**DESCRIPTION OF THE TASK:** Leave every picture behind and copy the rest of the entries below exactly.

─── STUDY MATERIAL

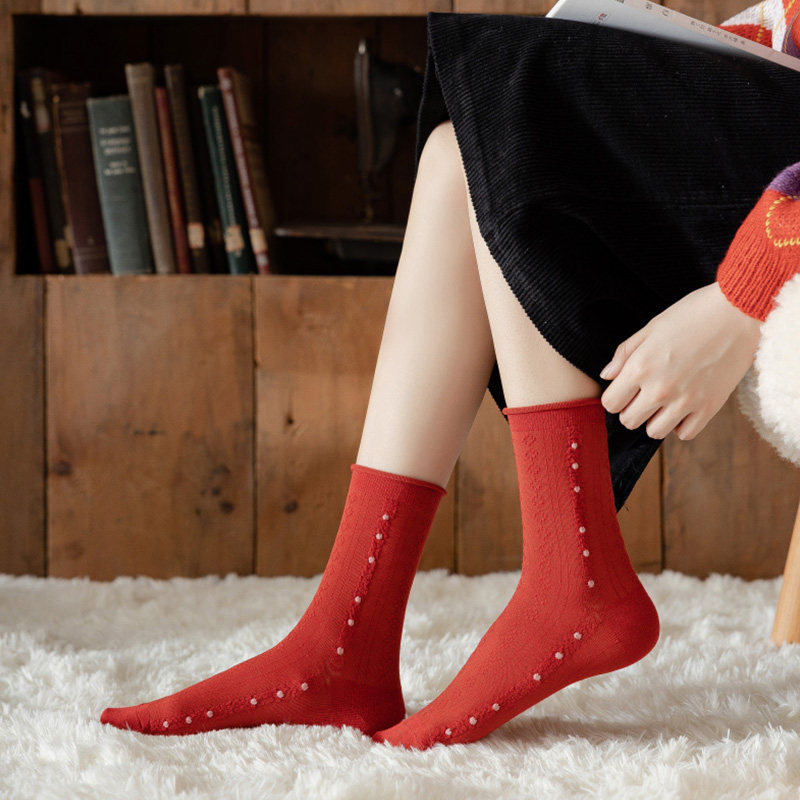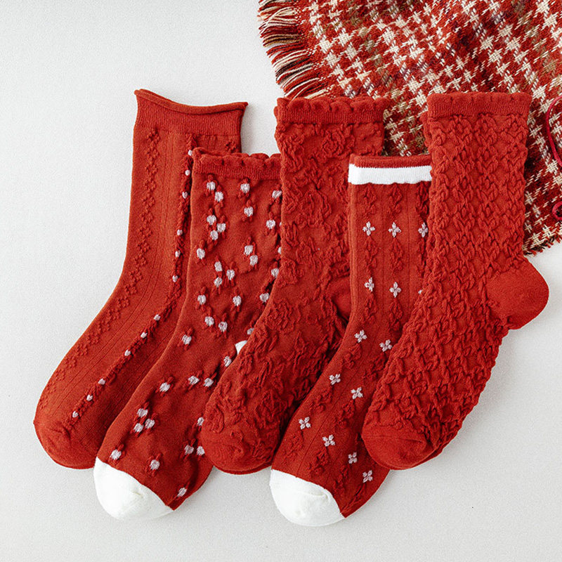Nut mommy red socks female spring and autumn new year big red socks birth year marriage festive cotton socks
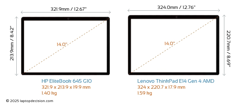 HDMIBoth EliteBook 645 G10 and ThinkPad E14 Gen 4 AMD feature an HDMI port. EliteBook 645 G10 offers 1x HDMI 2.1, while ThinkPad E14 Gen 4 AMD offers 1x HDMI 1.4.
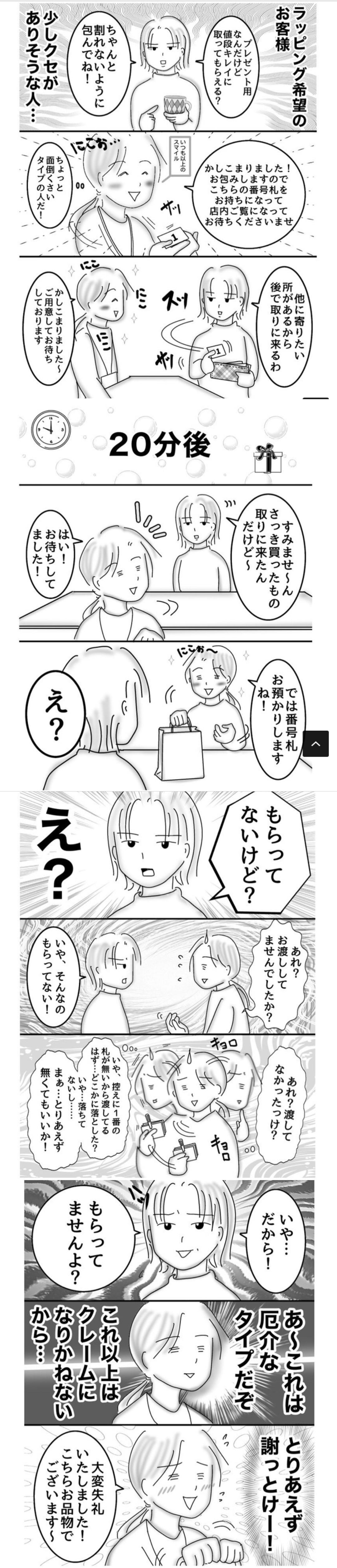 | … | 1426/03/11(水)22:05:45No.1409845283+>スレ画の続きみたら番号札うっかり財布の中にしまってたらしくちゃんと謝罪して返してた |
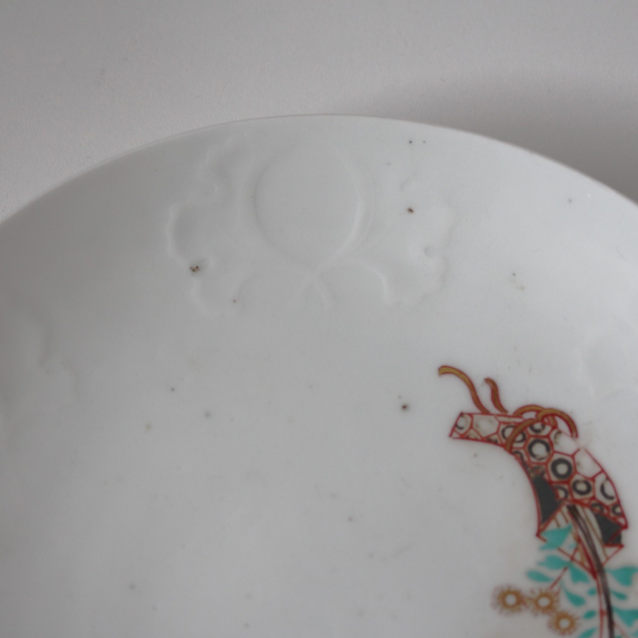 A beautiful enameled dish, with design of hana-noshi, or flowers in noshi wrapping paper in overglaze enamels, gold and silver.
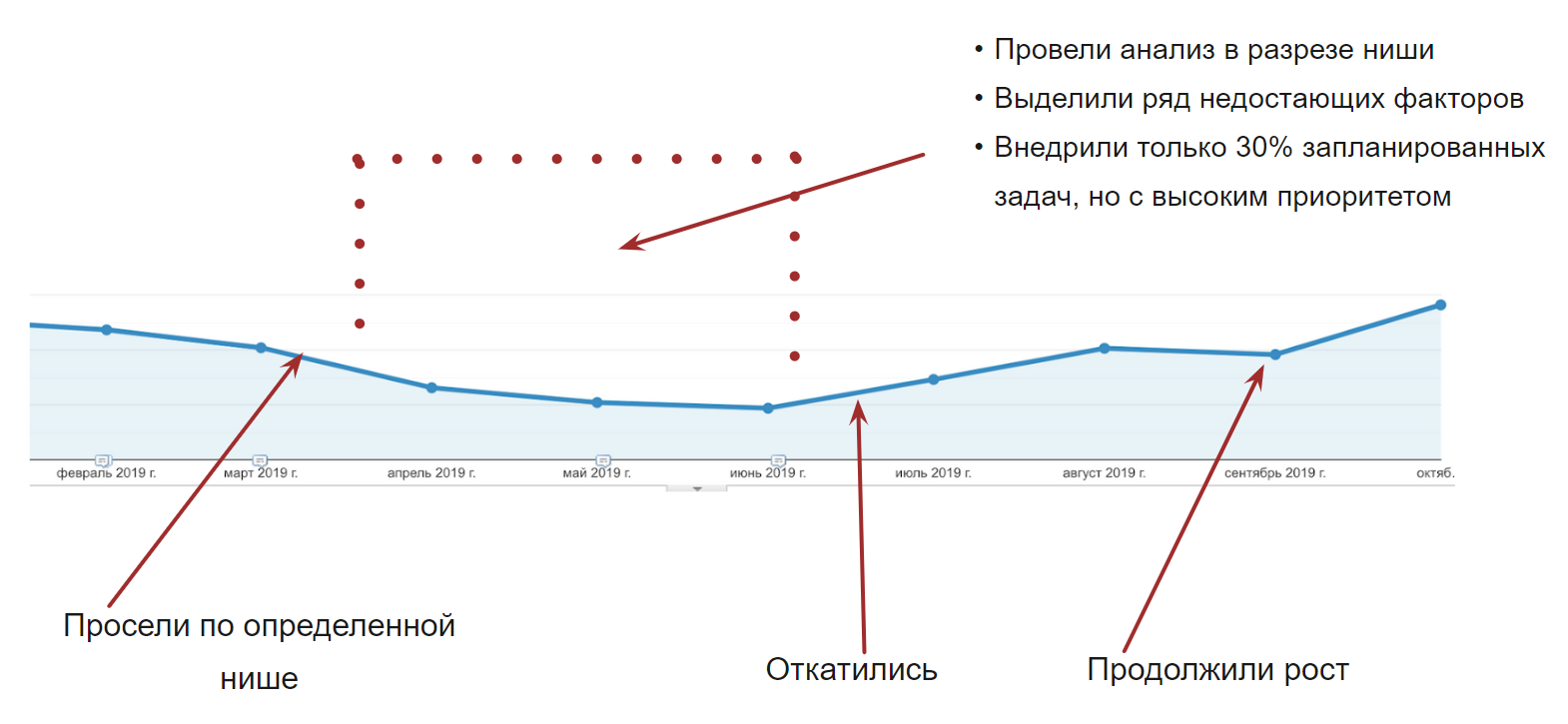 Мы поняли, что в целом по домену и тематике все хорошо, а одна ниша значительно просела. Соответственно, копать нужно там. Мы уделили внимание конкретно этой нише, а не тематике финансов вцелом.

──────

**ANSWER BOX:**
Nut mommy red socks female spring and autumn new year big red socks birth year marriage festive cotton socks
 HDMIBoth EliteBook 645 G10 and ThinkPad E14 Gen 4 AMD feature an HDMI port. EliteBook 645 G10 offers 1x HDMI 2.1, while ThinkPad E14 Gen 4 AMD offers 1x HDMI 1.4.
 | … | 1426/03/11(水)22:05:45No.1409845283+>スレ画の続きみたら番号札うっかり財布の中にしまってたらしくちゃんと謝罪して返してた |
 A beautiful enameled dish, with design of hana-noshi, or flowers in noshi wrapping paper in overglaze enamels, gold and silver.
 Мы поняли, что в целом по домену и тематике все хорошо, а одна ниша значительно просела. Соответственно, копать нужно там. Мы уделили внимание конкретно этой нише, а не тематике финансов вцелом.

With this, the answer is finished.